Laying fair claim to being Bucharest’s finest building, the Ateneul Român (Romanian Atheneum) is a magnificent Neoclassical structure built in 1888 by French architect Albert Galleron. It’s fronted by six elegant columns, behind which, in the peristyle, are five circular mosaics, each one depicting a Romanian ruler, including King Carol I. Funded almost entirely by Bucharest’s citizens, after the original patrons ran out of money, this is one of the few remaining circular auditoriums in Europe, the magnificent interior featuring a rampantly fin-de-siècle dome decorated with lyres. If at all possible, you should try and catch a concert by the resident George Enescu Philharmonic Orchestra, named after Romania’s beloved national composer. Piaţa Enescu, the tidy little park in front, features a statue of Enescu, who first performed at the Atheneum in 1898.

Palatul Regal and Muzeul Naţional de Artă

The most imposing of the buildings surrounding the Piaţa Revoluţiei is the former Palatul Regal (Royal Palace), which occupies most of the western side of the square. When the original single-storey dwelling burnt down in 1927, the king, Carol II, decided to replace it with something far more impressive.
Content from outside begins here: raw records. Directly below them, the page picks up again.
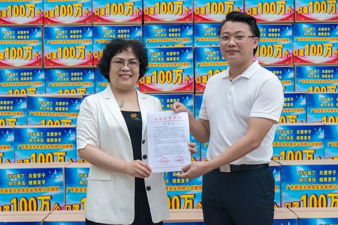 新亞電纜向清遠市教育系統(tǒng)敬贈口罩100萬個
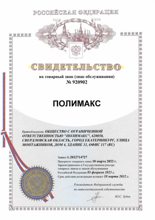 Товарный знак «Полимакс» зарегистрирован в соответствующем государственном реестре. Срок регистрации составляет 10 лет, до марта 2032 года.
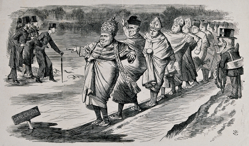First Vatican Council, 1869-1870: Pope Pius IX leading his cardinals across a plank of wood placed on the ice, watched by Mr Punch.;
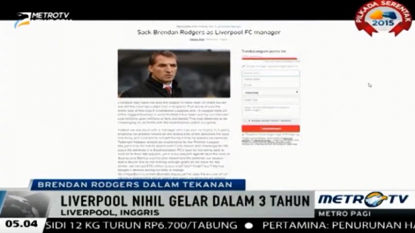 Metrotvnews.com: Hasil buruk yang diraih Liverpool serta performa yang tidak konsisten di bawah pelatih Brendan Rodgers membuat posisi Rodgers kian tertekan. Suporter Liverpool pun bereaksi dengan membuat petisi online agar Rodgers segea angkat koper dari Anfield. Cek Berita dan Artikel yang lain di Google News
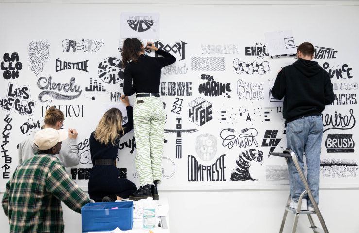 Cette phase de recherche et de création s’est concrétisée par la reproduction au marqueur des lettrages de nos étudiants sur un mur. Dans la bonne humeur et une ambiance musicale, toutes et tous se sont impliqués pour donner vie à cette composition façon “all-over” collective. Un beau projet qui a fait leur satisfaction !
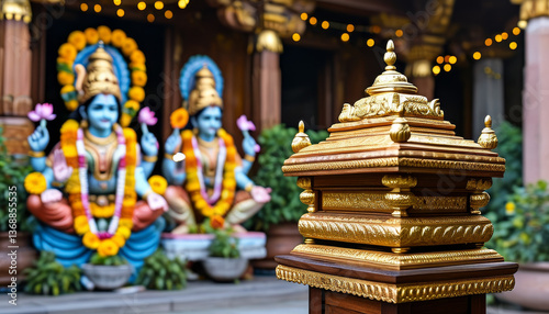 © aiximagination, Fototapeta premium Diwali product display podium background, Temple of Prosperity, wooden, gold leaf detailing, traditional Indian temple courtyard, Goddess Lakshmi and Lord Ganesha, marigold garlands, lotus flowers
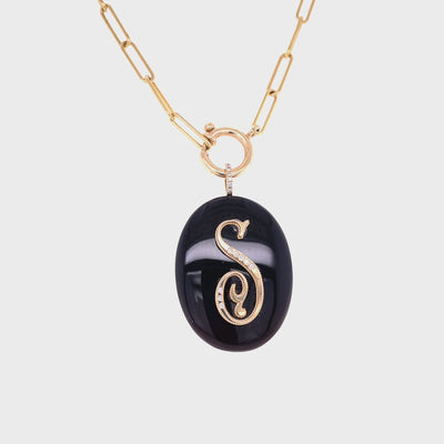Large Oval Cabochon Monogram Pendant-Black Onyx
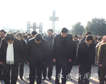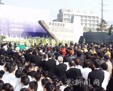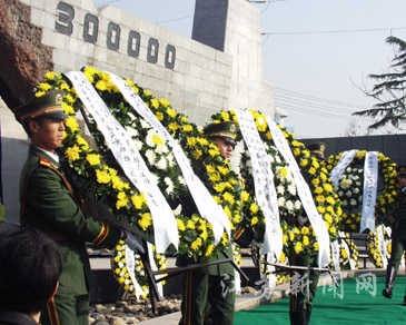 今天,江蘇省暨南京市各界人士,以及部分國外友好團體的代表、友好人士、港臺愛國同胞共3000余人,在侵華日軍南京大屠殺遇難同胞紀念館隆重悼念南京大屠殺30萬同胞遇難66周年,并舉行了南京國際和平集會。
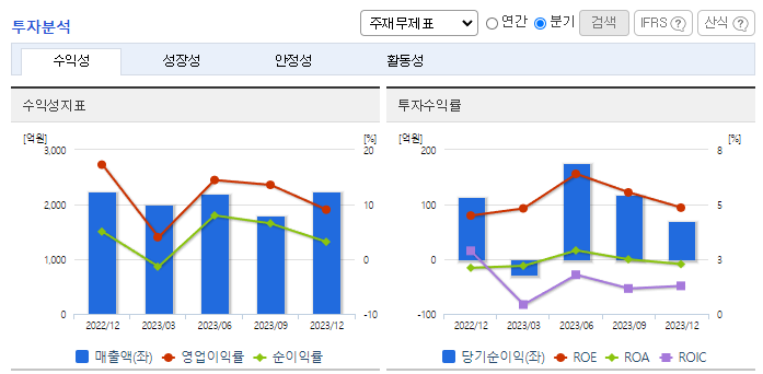 -2023년 9월 전년동기 대비 연결기준 매출액은 20.9% 증가, 영업이익은 100% 증가, 당기순이익은 42% 증가. 시멘트 가격상승으로 시멘트 매출이 2천억 가량 상승하면서 매출 확대. 원재료인 유연탄 가격과 전력비가 상승했으나 단가 인상과 가동률 제고로 인해 이익률 상승 시킴. 우크라이나 전쟁으로 인하여 원자재 가격 급등. 시멘트 가격이 치솟으며 이익률 개선. 공급자 우위 시장이므로 전방 업체에 비용 전가 가능.
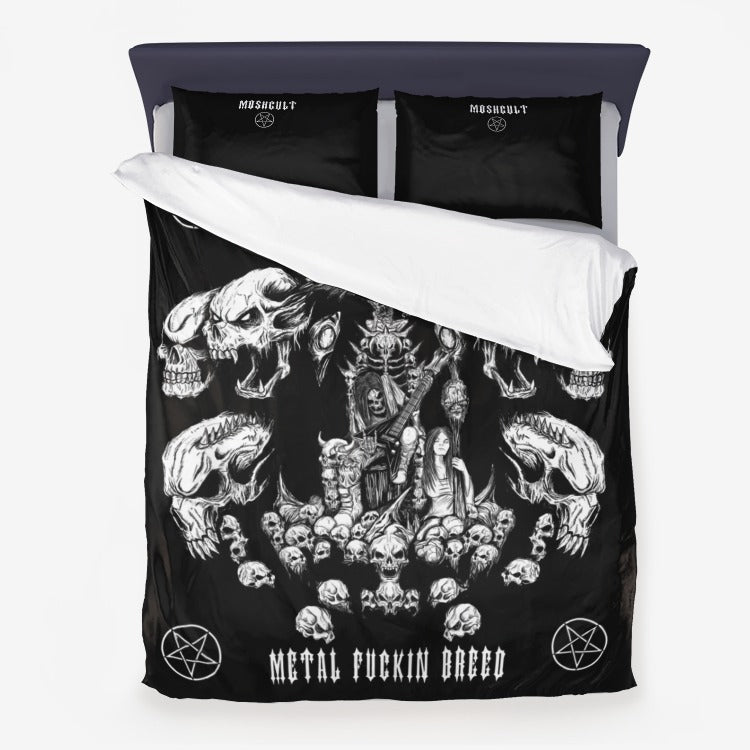 Matalbreed Death Metal Heavy Metal Music Skull Guitar Inverted Pentagram 3 Piece Bed Set

The surrounding dwellings were razed in order to build a new palace, with discreet side entrances to facilitate visits by Carol’s mistress, Magda Lupescu, and the shady financiers who formed the couple’s clique. However, the resultant sprawling brownstone edifice has no real claim to elegance and the palace was spurned as a residence by Romania’s postwar rulers, Ceauşescu preferring a villa in the northern suburbs pending the completion of his own palace in the Centru Civic.

Since 1950, the palace has housed the Muzeul Naţional de Artă (National Art Museum) in the Kretzulescu (south) wing. During the fighting in December 1989, this building was among the most seriously damaged of the city’s cultural institutions, and over a thousand pieces of work were destroyed or damaged by gunfire and vandals. After a massive reconstruction project, during which time many of the items were repaired, the museum reopened and now holds a marvellous collection of European and Romanian art. Before entering, take a look at the photographs hung along the rails, which graphically illustrate the damage sustained by the palace during both the 1927 fire and the revolution.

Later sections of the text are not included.